• _Work item_: Where the line with "海南省住建厅发布《关于202" appears below, start writing out lines exactly, and finish with the line with "上图为实时加载离线地图并与在线地图匹配,输出相对位姿的流程图。", which is included; write out nothing else.

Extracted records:
------

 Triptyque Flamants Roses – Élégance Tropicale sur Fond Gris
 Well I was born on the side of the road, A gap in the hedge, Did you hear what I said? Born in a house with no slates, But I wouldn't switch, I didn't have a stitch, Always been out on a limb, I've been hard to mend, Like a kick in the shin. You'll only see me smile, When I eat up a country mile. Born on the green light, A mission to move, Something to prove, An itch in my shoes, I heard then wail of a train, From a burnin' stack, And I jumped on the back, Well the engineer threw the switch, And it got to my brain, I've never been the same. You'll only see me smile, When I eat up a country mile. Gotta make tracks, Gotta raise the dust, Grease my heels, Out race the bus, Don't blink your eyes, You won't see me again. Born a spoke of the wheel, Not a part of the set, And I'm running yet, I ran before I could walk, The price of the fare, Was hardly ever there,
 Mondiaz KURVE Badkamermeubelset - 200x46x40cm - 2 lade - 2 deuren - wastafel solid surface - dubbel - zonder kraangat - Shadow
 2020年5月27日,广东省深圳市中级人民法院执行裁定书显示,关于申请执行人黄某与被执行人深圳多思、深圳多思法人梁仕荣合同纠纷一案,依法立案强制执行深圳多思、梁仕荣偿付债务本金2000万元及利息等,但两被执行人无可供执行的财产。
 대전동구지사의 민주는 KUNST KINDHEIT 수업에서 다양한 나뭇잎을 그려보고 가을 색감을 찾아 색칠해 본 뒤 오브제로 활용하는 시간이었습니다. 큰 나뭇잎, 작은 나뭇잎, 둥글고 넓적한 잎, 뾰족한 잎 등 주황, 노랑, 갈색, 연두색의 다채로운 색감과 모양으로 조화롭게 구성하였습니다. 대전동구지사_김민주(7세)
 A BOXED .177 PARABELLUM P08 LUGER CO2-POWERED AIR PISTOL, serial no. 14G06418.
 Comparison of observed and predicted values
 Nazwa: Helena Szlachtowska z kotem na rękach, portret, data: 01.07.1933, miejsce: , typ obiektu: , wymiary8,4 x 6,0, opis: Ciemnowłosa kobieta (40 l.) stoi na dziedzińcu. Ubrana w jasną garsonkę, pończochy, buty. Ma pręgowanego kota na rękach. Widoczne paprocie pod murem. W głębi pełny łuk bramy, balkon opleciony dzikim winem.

------

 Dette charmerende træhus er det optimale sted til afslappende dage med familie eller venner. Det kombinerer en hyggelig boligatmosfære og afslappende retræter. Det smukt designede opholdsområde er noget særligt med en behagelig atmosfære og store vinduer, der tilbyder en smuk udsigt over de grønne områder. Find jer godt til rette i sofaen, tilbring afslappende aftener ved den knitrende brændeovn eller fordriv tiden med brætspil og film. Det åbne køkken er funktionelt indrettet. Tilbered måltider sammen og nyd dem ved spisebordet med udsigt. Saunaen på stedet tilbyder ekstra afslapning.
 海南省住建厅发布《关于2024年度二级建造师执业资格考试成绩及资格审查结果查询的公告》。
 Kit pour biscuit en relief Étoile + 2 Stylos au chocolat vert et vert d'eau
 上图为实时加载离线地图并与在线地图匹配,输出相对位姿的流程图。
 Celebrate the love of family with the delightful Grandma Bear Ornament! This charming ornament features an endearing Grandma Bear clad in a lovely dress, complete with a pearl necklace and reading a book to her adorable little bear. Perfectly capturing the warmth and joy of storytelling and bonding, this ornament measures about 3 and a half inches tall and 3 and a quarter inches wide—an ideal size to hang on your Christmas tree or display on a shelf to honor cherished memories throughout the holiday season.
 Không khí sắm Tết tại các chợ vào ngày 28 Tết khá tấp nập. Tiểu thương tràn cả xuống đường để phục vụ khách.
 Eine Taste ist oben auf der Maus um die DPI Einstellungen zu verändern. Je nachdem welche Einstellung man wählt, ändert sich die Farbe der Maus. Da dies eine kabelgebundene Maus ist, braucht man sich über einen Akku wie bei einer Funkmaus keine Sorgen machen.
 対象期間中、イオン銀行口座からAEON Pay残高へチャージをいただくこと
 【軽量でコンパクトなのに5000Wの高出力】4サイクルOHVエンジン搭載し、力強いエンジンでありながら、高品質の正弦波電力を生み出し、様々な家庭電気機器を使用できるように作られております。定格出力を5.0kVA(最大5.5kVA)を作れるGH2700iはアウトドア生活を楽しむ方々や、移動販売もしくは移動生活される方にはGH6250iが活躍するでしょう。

------

• _Written answer_:
 海南省住建厅发布《关于2024年度二级建造师执业资格考试成绩及资格审查结果查询的公告》。
 Kit pour biscuit en relief Étoile + 2 Stylos au chocolat vert et vert d'eau
 上图为实时加载离线地图并与在线地图匹配,输出相对位姿的流程图。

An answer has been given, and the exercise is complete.